* _Work instruction_:
Leave the pictures in the listing below aside and reproduce exactly the lines starting with the one with "在每個頁籤中,顯示清單的更新" and going on through the one with "Opmerkelijk: Martinair heeft", both ends included.

* _Raw data_:

------------------------------------------------

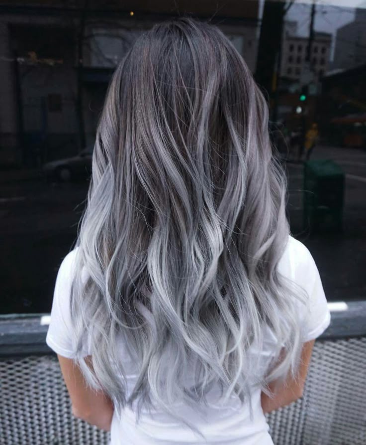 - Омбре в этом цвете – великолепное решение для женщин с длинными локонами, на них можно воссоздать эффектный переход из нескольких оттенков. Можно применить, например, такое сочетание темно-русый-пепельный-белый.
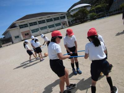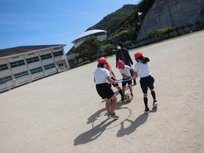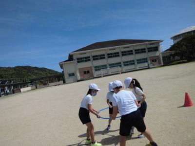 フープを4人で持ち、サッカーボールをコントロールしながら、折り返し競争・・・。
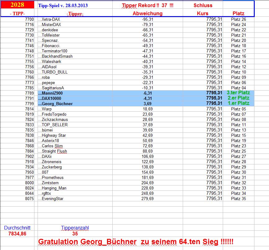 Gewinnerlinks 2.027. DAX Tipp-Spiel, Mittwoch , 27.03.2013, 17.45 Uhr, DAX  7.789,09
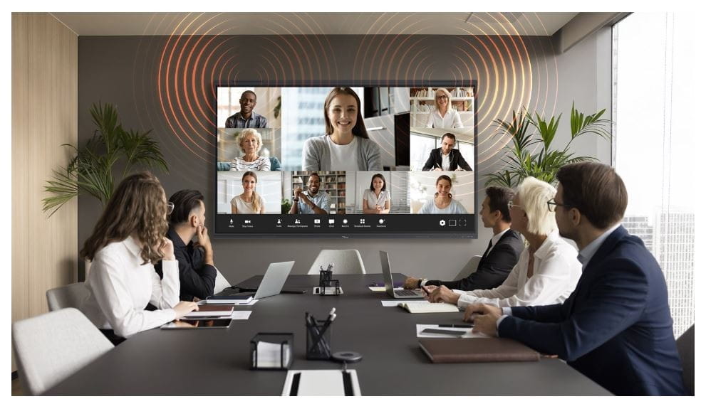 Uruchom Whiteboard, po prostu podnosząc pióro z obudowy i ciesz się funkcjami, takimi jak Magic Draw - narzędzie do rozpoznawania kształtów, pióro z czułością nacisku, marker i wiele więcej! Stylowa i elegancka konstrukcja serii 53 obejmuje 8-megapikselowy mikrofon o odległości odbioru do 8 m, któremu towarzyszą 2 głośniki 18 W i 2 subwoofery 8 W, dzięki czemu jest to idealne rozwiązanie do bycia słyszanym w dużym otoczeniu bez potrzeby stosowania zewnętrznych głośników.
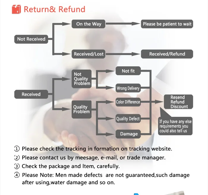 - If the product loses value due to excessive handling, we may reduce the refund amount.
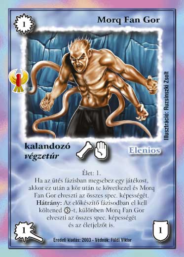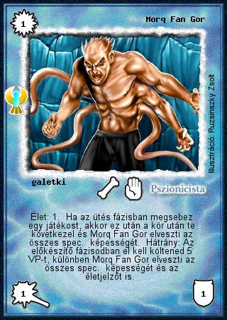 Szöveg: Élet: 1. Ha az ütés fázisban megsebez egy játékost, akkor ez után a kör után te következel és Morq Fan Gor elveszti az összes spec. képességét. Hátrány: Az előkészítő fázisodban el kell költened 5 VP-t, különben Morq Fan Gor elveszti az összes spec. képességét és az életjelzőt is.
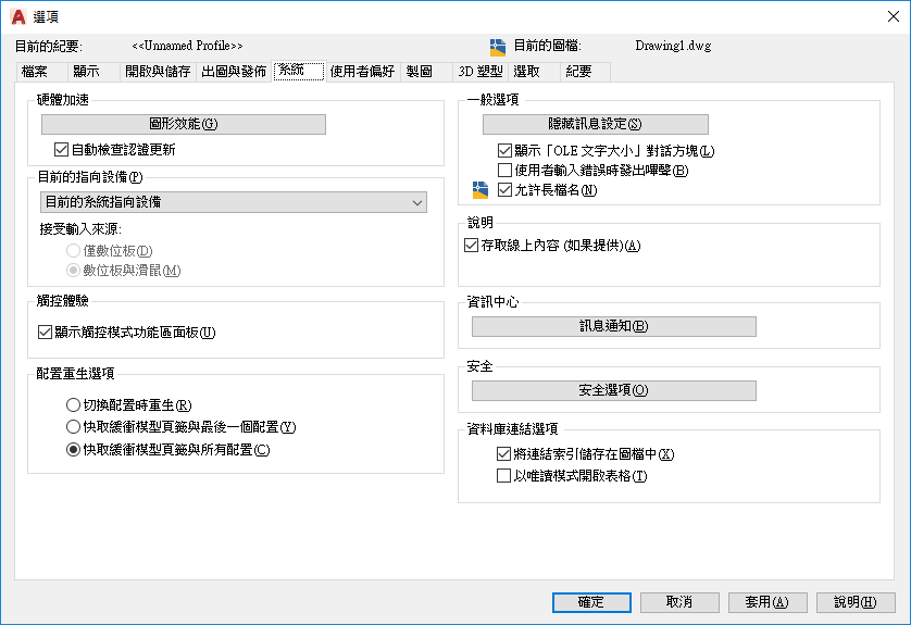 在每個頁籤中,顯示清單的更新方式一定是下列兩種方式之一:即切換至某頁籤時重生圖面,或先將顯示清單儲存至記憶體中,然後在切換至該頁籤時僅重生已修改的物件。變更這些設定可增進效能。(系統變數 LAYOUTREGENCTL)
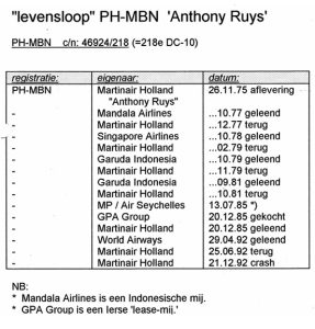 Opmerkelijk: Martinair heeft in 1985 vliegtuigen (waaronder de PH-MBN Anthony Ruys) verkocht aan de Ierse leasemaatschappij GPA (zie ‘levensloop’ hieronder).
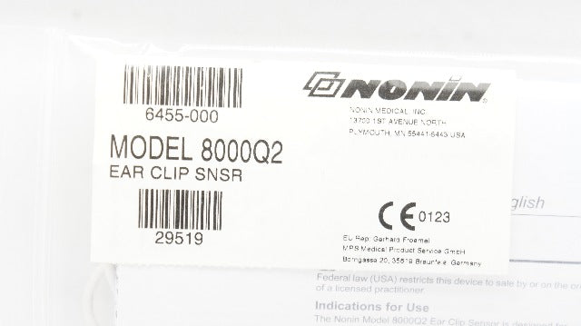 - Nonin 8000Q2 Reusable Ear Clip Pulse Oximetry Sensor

------------------------------------------------

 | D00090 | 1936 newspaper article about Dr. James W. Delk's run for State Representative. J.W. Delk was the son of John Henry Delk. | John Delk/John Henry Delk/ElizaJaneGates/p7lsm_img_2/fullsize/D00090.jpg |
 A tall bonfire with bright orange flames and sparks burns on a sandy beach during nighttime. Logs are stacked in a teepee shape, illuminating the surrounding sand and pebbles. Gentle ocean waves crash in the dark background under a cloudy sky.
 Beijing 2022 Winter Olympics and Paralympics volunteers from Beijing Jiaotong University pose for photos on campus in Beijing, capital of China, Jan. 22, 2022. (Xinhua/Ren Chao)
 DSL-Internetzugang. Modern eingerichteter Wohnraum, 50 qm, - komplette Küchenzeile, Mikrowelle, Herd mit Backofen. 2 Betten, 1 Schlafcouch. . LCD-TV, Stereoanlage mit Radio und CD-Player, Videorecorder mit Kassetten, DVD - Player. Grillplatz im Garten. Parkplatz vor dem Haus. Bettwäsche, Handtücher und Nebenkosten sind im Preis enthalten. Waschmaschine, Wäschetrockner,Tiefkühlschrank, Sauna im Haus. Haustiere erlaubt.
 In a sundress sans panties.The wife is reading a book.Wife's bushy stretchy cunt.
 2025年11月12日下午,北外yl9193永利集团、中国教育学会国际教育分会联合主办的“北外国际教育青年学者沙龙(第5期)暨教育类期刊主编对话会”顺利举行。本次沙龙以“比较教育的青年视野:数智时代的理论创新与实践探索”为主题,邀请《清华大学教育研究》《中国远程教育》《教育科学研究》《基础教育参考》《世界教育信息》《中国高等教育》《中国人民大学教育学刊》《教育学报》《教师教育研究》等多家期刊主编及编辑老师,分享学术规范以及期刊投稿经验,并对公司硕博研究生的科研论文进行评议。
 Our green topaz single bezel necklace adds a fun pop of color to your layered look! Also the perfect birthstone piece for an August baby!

------------------------------------------------

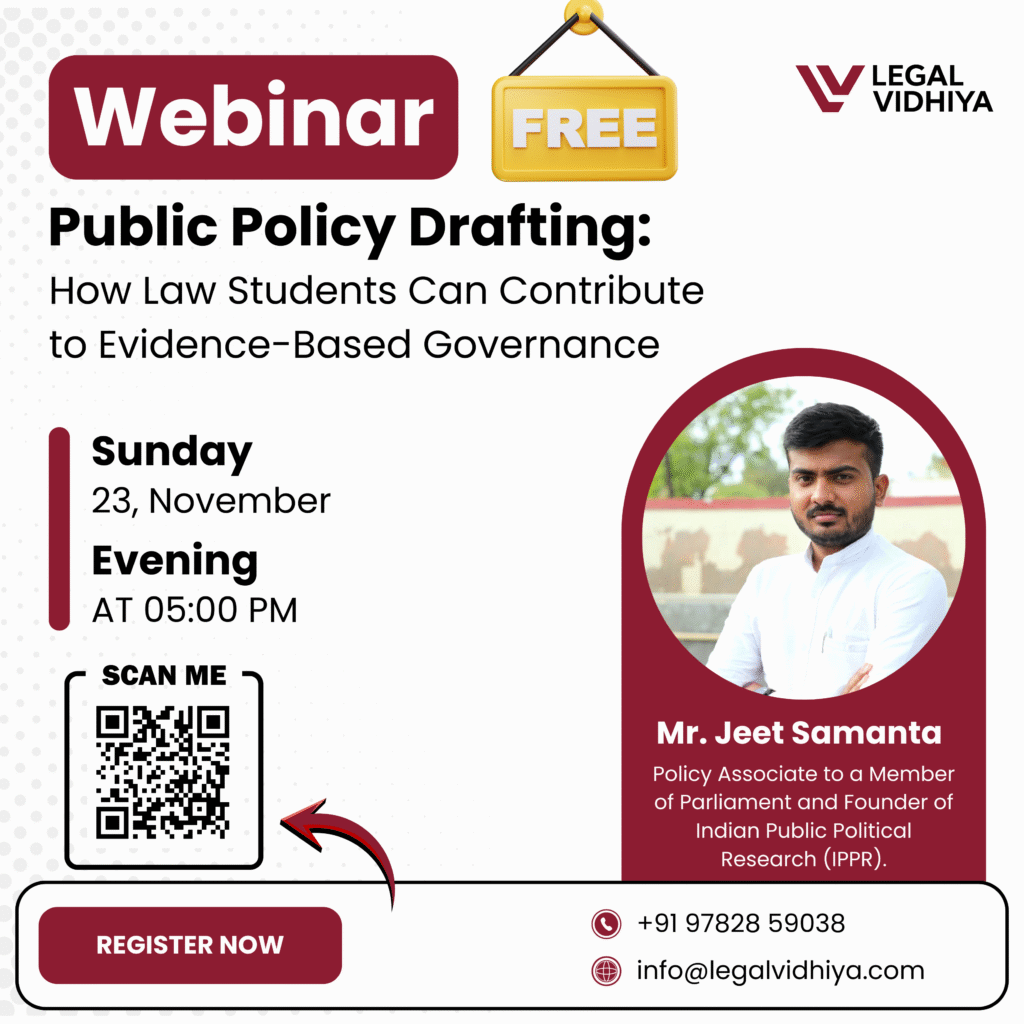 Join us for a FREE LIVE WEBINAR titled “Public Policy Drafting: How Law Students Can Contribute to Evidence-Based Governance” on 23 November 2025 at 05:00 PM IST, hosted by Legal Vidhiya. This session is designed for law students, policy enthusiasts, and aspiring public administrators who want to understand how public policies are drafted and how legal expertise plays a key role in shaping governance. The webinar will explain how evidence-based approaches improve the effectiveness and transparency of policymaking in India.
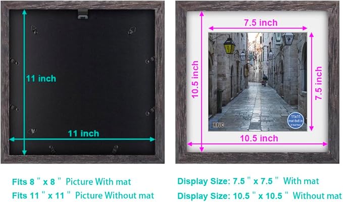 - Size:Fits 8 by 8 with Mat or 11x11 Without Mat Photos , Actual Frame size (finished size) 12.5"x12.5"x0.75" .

------------------------------------------------

* _Response to the exercise_:
 在每個頁籤中,顯示清單的更新方式一定是下列兩種方式之一:即切換至某頁籤時重生圖面,或先將顯示清單儲存至記憶體中,然後在切換至該頁籤時僅重生已修改的物件。變更這些設定可增進效能。(系統變數 LAYOUTREGENCTL)
 Opmerkelijk: Martinair heeft in 1985 vliegtuigen (waaronder de PH-MBN Anthony Ruys) verkocht aan de Ierse leasemaatschappij GPA (zie ‘levensloop’ hieronder).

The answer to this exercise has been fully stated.